David Hildenbrand Feb. 25, 2019, 7:55 p.m. UTC | #4

On 25.02.19 17:40, Richard Henderson wrote:
> On 2/25/19 8:17 AM, David Hildenbrand wrote:
>> On 25.02.19 17:14, Richard Henderson wrote:
>>> I don't understand all of this "blocksize" business, when they are all powers
>>> of two, and the maximum value returned is 16.
>>>
>>> As far as I can see, the result is obtained by -(addr | -16) regardless of the
>>> value of m3.
>>
>> Let's assume we have addr = 63;
>>
>> Assume block size is 64:
>> -> to_load = 1
>>
>> Assume block size is 128:
>> -> to_load = 16
>>
>> Or am i missing something?
> 
> No, just me.
> 
> You can still do the computation inline, with
> 
>     tcg_gen_ori_i64(tmp, addr, -blocksize);
>     tcg_gen_neg_i64(tmp, tmp);
>     sixteen = tcg_const_i64(16);
>     tcg_gen_umin_i64(tmp, sixteen);
> 

Nice trick, works fine, thanks :)

> 
> r~
>

diff --git a/target/s390x/cc_helper.c b/target/s390x/cc_helper.c
index 307ad61aee..0e467bf2b6 100644
--- a/target/s390x/cc_helper.c
+++ b/target/s390x/cc_helper.c
@@ -397,6 +397,11 @@  static uint32_t cc_calc_flogr(uint64_t dst)
     return dst ? 2 : 0;
 }
 
+static uint32_t cc_calc_lcbb(uint64_t dst)
+{
+    return dst == 16 ? 0 : 3;
+}
+
 static uint32_t do_calc_cc(CPUS390XState *env, uint32_t cc_op,
                                   uint64_t src, uint64_t dst, uint64_t vr)
 {
@@ -506,6 +511,9 @@  static uint32_t do_calc_cc(CPUS390XState *env, uint32_t cc_op,
     case CC_OP_FLOGR:
         r = cc_calc_flogr(dst);
         break;
+    case CC_OP_LCBB:
+        r = cc_calc_lcbb(dst);
+        break;
 
     case CC_OP_NZ_F32:
         r = set_cc_nz_f32(dst);
diff --git a/target/s390x/helper.c b/target/s390x/helper.c
index a7edd5df7d..8e9573221c 100644
--- a/target/s390x/helper.c
+++ b/target/s390x/helper.c
@@ -417,6 +417,7 @@  const char *cc_name(enum cc_op cc_op)

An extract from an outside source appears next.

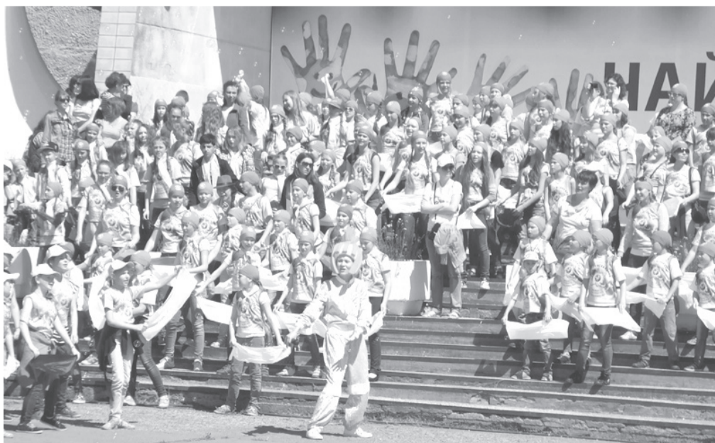
Лариса Сидорова, заместитель министра образования и науки Пермского края:

Подготовка к прошедшему в нашем городе 7 июня первому Празднику детского хорового пения шла долго, а пролетел он в одно мгновение, оставившись в памяти яркой, многоцветной вспышкой, фонтаном позитивных эмоций, хоровым пением и радостным гамом, незабываемыми впечатлениями и сожалением, что всё так быстро закончилось. Да, праздничное действо завершилось, но впечатления, надеемся, будут жить долго.

         [CC_OP_SLA_32]    = "CC_OP_SLA_32",
         [CC_OP_SLA_64]    = "CC_OP_SLA_64",
         [CC_OP_FLOGR]     = "CC_OP_FLOGR",
+        [CC_OP_LCBB]      = "CC_OP_LCBB",
     };
 
     return cc_names[cc_op];
diff --git a/target/s390x/helper.h b/target/s390x/helper.h
index 6260b50496..a2f8f96aae 100644
--- a/target/s390x/helper.h
+++ b/target/s390x/helper.h
@@ -122,6 +122,7 @@  DEF_HELPER_4(cu42, i32, env, i32, i32, i32)
 DEF_HELPER_5(msa, i32, env, i32, i32, i32, i32)

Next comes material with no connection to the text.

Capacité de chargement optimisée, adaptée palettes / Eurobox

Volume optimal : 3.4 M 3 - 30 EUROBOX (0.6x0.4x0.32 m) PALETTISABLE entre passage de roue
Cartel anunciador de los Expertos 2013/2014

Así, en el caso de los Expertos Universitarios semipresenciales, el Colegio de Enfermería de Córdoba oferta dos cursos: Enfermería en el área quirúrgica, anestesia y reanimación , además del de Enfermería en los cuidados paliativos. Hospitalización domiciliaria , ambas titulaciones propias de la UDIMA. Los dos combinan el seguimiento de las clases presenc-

 DEF_HELPER_FLAGS_1(stpt, TCG_CALL_NO_RWG, i64, env)
 DEF_HELPER_FLAGS_1(stck, TCG_CALL_NO_RWG_SE, i64, env)
+DEF_HELPER_FLAGS_2(lcbb, TCG_CALL_NO_RWG_SE, i64, i64, i32)
 
 #ifndef CONFIG_USER_ONLY
 DEF_HELPER_3(servc, i32, env, i64, i64)
diff --git a/target/s390x/insn-data.def b/target/s390x/insn-data.def
index fb6ee18650..f4f1d63ab4 100644
--- a/target/s390x/insn-data.def
+++ b/target/s390x/insn-data.def
@@ -479,6 +479,8 @@ 
     F(0xb313, LCDBR,   RRE,   Z,   0, f2, new, f1, negf64, f64, IF_BFP)
     F(0xb343, LCXBR,   RRE,   Z,   x2h, x2l, new_P, x1, negf128, f128, IF_BFP)

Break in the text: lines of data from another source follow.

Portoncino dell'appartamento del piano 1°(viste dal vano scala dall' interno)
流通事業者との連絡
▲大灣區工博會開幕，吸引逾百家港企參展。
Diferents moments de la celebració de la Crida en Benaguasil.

     F(0xb373, LCDFR,   RRE,   FPSSH, 0, f2, new, f1, negf64, 0, IF_AFP1 | IF_AFP2)
+/* LOAD COUNT TO BLOCK BOUNDARY */
+    C(0xe727, LCBB,    RXE,   V,   la2, 0, r1, 0, lcbb, 0)
 /* LOAD HALFWORD */
     C(0xb927, LHR,     RRE,   EI,  0, r2_16s, 0, r1_32, mov2, 0)
     C(0xb907, LGHR,    RRE,   EI,  0, r2_16s, 0, r1, mov2, 0)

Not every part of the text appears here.